Despite its efficient parameter count, the model demonstrates sophisticated "world-modeling" capabilities—understanding cause-and-effect, emotional nuance, and character persistence over extended contexts.

## 🚀 Model Highlights
*   **Architecture:** Llama-based Decoder-only Transformer
*   **Parameters:** 190.55 Million
*   **Context Window:** 2048 Tokens
*   **Final Training Loss:** 1.27 (at Step 2,000)
*   **Optimization:** Fully compiled via `torch.compile` with Flash Attention 2 support.

---

## 🧠 Model Structure & Design

The model utilizes a modern LLM blueprint designed for training stability and inference speed.

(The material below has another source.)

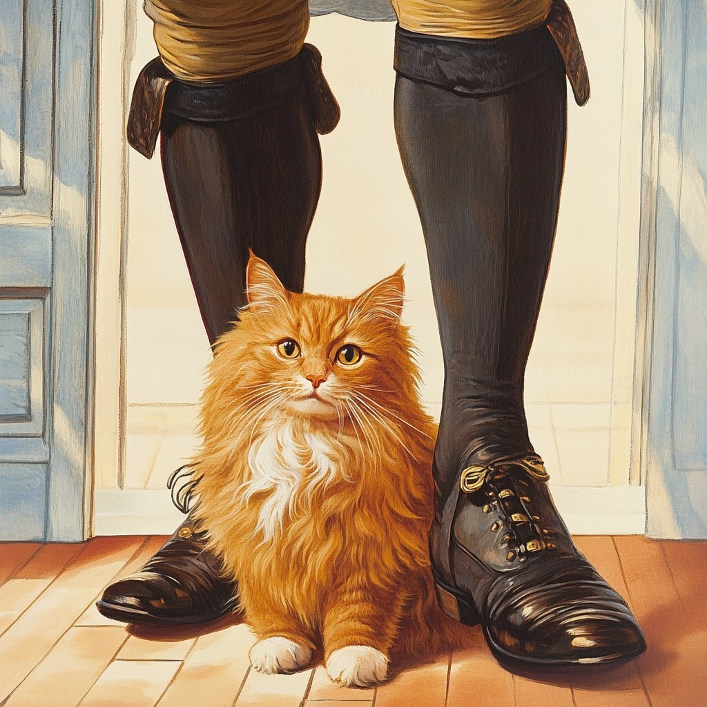 Создано на основе запроса: a colorful children’s book illustration. Focus is on a beautiful, long-haired orange, ginger cat, sweet face. She is at the feet of a standing colonial American man. All you see of this person is the calves and below. He is wearing 18th century style tights and buckled shoes. Cat is happily rubbing his legs as cats do. She is looking forward towards the viewer. --- Автоперевод: Красочная детская книга иллюстрация. Как тебе картинка? 🤔 https://dzen.ru/id/65c0c65c86e4f837c27b24d7 #ИИ #AI #нейросеть #midjourney #art

By implementing **Rotary Positional Embeddings (RoPE)**, the model maintains a precise understanding of token relationships across its full 2048-token window, doubling the standard context length of most models in this size class.

### Technical Specifications
| Feature | Specification |
| :--- | :--- |
| **Hidden Dimension** | 768 |
| **Layers (Depth)** | 12 |
| **Attention Heads** | 12 |
| **Intermediate Size** | 3072 |
| **Activation Function** | SwiGLU |
| **Normalization** | RMSNorm |
| **Vocab Size** | 50,257 (GPT-2 Tokenizer) |

---

## 📈 The Evolution of Learning

Training on the **TinyStories** dataset allows us to observe the model's cognitive development in distinct phases. **Test-1-2000** achieved high literacy by progressing through these stages:

### 1. The Lexical Phase (Steps 0 – 250)
The model mastered basic English syntax and frequent patterns. It learned that "Once upon a time" is the standard anchor for its world.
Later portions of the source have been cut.